There’s also a rise in the need for real team space—not just the occasional conference room but actually the time to get together as a team, to have the right space together, to have the right access to the tools they need to collaborate, and the right access for snacks and other pieces. Do you have a convenient team space with the right setup? Or is it an old conference room that’s been converted? The needs might be a little bit different, but are we thinking about the right team space?
It really is thinking through the individual need, the team need, and the need for compelling broader space, and are we meeting all of those needs? And I think if they are, then it makes it an even more attractive workplace for the workers. Phil, I’d love your thoughts.

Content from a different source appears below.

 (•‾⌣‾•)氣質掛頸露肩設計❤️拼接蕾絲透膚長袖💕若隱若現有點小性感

Phil Kirschner: I’m really glad you brought up the point about younger workers, because there is definitely a statistical correlation between the quality of the environment you have at home and your likelihood to want to overcome the friction of going to the office. The younger workers are more likely to have three roommates and two cats, sitting at the dining room table, versus all of us who are sitting within an enclosed space with a door, which we’re fortunate to have, either at an office or at our home.

Photo By: Canva
Bill Schaninger: The office was the bully pulpit, you know, with leadership striding down the main hallway. Think about movies and TV shows where the centrality of the ecosystem was the office in terms of the power dynamics. It’s not surprising to me that the people who’ve been in charge are still anchored on that construct, because it’s what they’ve known and how they’ve been trained. I think when you saw libraries become less central because everything is accessible digitally, you saw a massive movement out of the physical space of libraries.

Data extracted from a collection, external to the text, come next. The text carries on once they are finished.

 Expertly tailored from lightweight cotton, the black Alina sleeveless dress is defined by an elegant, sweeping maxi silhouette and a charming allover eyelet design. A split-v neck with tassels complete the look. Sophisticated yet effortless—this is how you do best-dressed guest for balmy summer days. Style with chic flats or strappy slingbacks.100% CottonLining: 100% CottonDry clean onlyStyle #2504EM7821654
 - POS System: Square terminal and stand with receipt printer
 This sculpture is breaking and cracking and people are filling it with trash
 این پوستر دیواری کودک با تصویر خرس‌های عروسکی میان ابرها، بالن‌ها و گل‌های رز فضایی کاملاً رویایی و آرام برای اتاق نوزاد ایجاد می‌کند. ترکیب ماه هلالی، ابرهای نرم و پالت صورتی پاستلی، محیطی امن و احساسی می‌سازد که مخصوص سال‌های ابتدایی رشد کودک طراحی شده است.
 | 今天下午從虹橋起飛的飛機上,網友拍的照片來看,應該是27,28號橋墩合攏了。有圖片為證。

We’ve had a generation now entering the workforce who is used to accessing everything, all the time, anywhere, except for project work, as a solo endeavor. A huge portion of what we’re doing at work is not a solo endeavor. It requires working with others.
There is a pretty significant collide here in terms of the nature of the work changing and their experience on both ends: the folks who are in charge and the folks coming into the workforce. They’re not experienced with the sort of fluidity that Phil’s describing. It’s a massive mismatch.

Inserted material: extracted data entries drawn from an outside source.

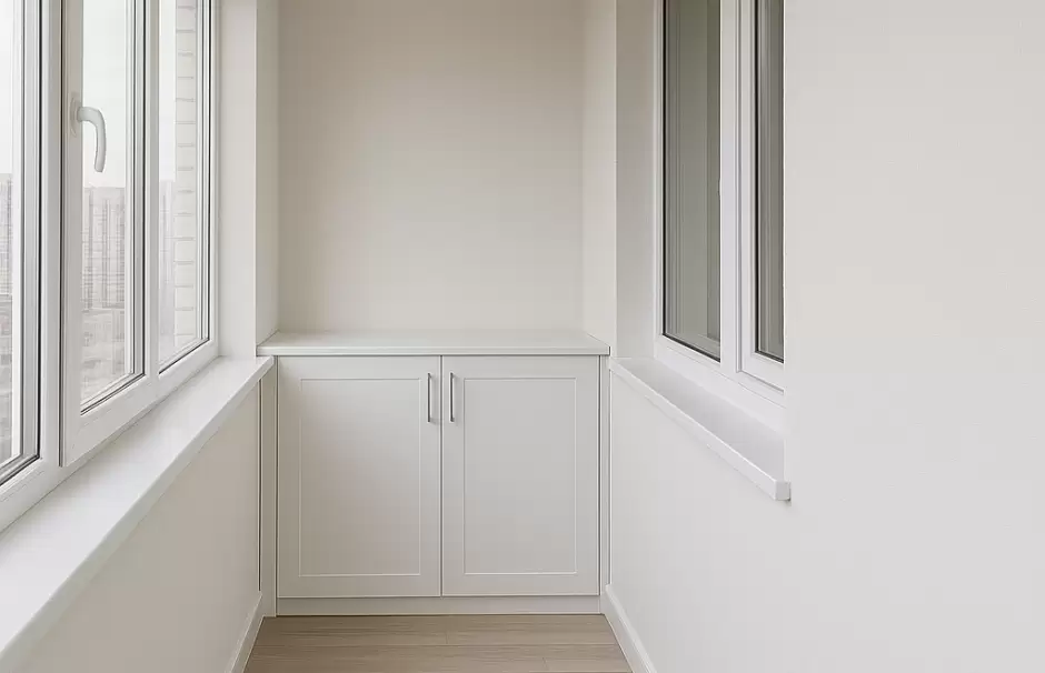 На данном балконе выполнено базовое выравнивание стен гипсовой смесью под последующую покраску. Основание очищено, прогрунтовано, выставлены маяки, локально усилены трещиноопасные зоны, нанесён выравнивающий слой и финишная шпаклёвка. Срок работ — 1–2 дня, поверхность готова к окраске.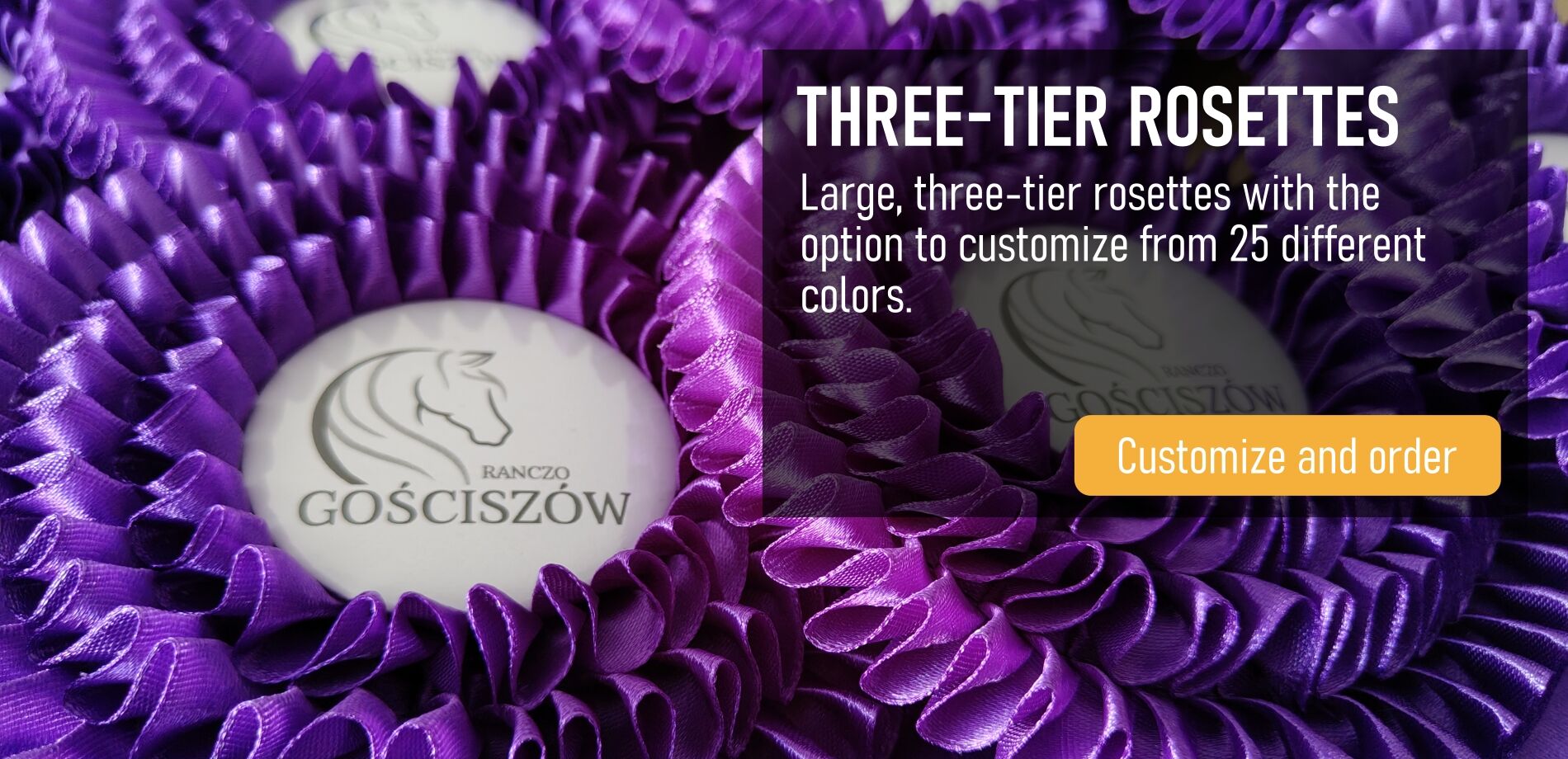 Triple Rosette #5 is a striking and elegant equestrian decoration, distinguished by its rich, three-row composition and the option...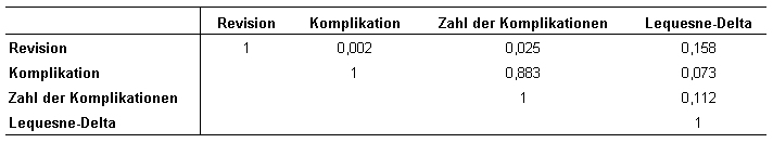 Die durchgängig niedrigen Rangkorrelationskoeffizienten der Tabelle 6 [Tab. 6] weisen nachdrücklich darauf hin, dass Revisionen, Komplikationen und der Rückgang des Beeinträchtigungsniveaus die Ergebnisqualität einer Hüftgelenksoperation auf wesentlich verschiedenen Dimensionen messen. Bezogen auf die rohen (unstandardisierten) Effekte findet sich zwischen dem Lequesne-Delta und dem dichotomen Komplikationsindikator sogar eine negative Rangkorrelation in Höhe von -0,11!

Bryan Hancock: An interesting thing that I’ve seen about people entering the workforce was a survey done of college graduates and very, very few wanted to work remotely five days a week. There was an interest in having flexibility of when and where they work, but they wanted to come in sometimes because they wanted the connectivity to where they’re working, and they specifically wanted connectivity and mentorship with the generations above them.
In some cases, the need is not to get the young kids in; it’s making sure the people who can mentor, who are just happy to be remote in their vacation house in Aspen or in the Hamptons, to come in. Because that mentorship is something that is important to the new joiners and also important for the overall development and health of the organization.
Phil Kirschner: I find myself telling executives a lot these days, “Congratulations. You are the new amenity.” It used to be the gym, the cafeteria, being able to bring puppies to work, whatever it is, but the executives are the new amenity.
I spoke to the head of real estate for a large bank that’s just done a major headquarters relocation during COVID—beautiful building. She said, “Yeah, people have been really excited to come in.” And I said, “What is it that is bringing people in?” And knowing this is a European bank, they’ve got a beer garden in the building, like, everything you could ever conceive of is an amenity. She said, “The other people,” which is a really hard thing to admit for the head of facilities. But it’s true.